# How to gather Springtails in Wild~



## istante (Feb 5, 2007)

Hello, This is Chris from Korea and I'm a only one person  who keep Dart Frog. I have a pair of DP nancy and D Leocomelas and DP Nancy's one small Tadpole. 

DP nancy female likes to eat tiny bugs(she doesn't eat fly I don't know why) Tadpole also needs tiny bugs as springtails in the future(Maybe one or two months) 

And I went to country side of Korea and I found some springtails under Rocks.. How to gather Springtails in Wild?? 

And Can anyone send me a springtails to Korea??


----------



## OneTwentySix (Nov 11, 2004)

Try this: Collect a bunch of dead leaves from a forest floor, etc. Then, set up a funnel over a bucket (possibly with some dirt or paper towels, etc.), and place the dead leaves into the funnel. You may need some screening at the bottom of the funnel so that dirt and pieces of leaves don't fall into your bucket. The heat and light will cause any insects in the leaf sample to go down the funnel, and then they'll fall into your bucket. 
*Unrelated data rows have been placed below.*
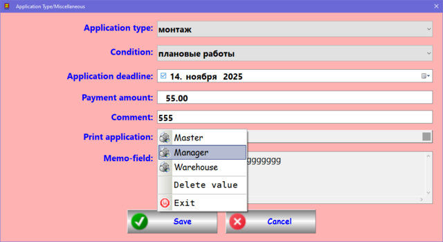 oFrm2:aName := { "Application type", "Condition" , "Application deadline", "Payment amount", "Comment" , "Print application", "Memo-field" }
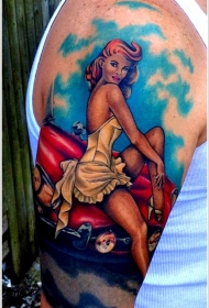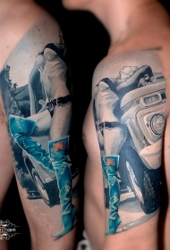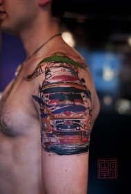 大臂水彩画风格令人难以置信的汽车纹身图案
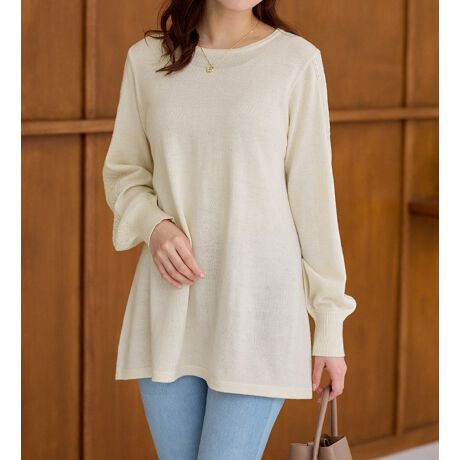洗える!カシミヤタッチ袖ケーブルニットチュニック
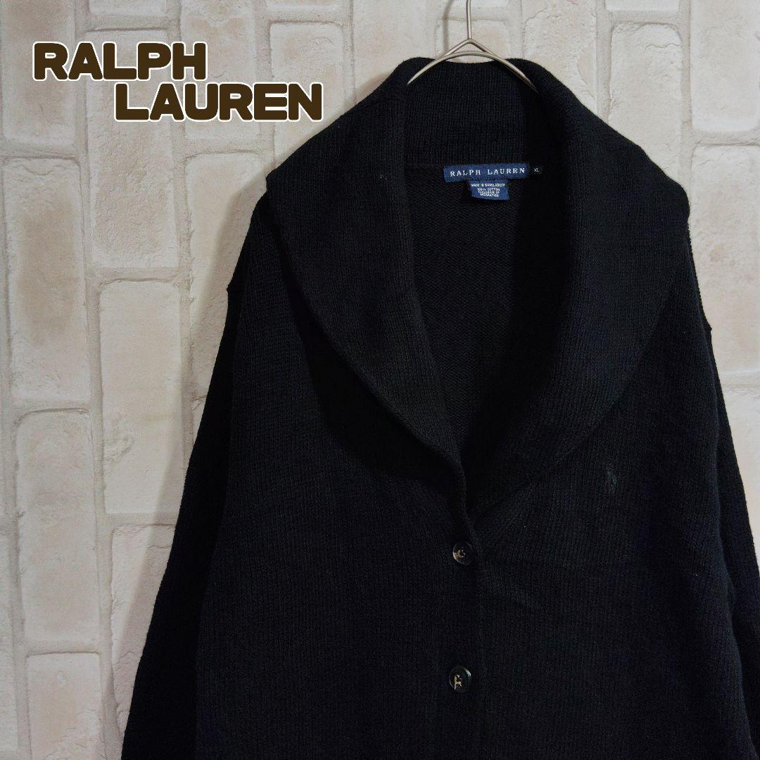 - ラルフローレン カーディガン ニット 黒 ショールカラー 刺繍

Don't expect to get tons of springtails this way, but you should get some.


----------



## frogmanroth (May 23, 2006)

Or try this: Get a cloth square about 18 inches or so. Find a spot with "wanted" insects clear area big enough to lay the cloth out flat on bare earth, then sprinkle some fish food or something like that in the center of the cloth. Then cover that with the stuff you clear out. Leave out over night. Collect the next morning, by picking up the cloth leaf litter and all, then dump into a bucket. Swirl that around and start to pull out individual items banging them on the side of the bucket as you take them out. When you get to the bottom, all the small insects will be there, you then dump that into a smaller cup or something and feed. 

Thats just another idea.


----------



## skronkykong (Jan 1, 2007)

my avacodo skins are usually covered with springtails in my compost pile.


----------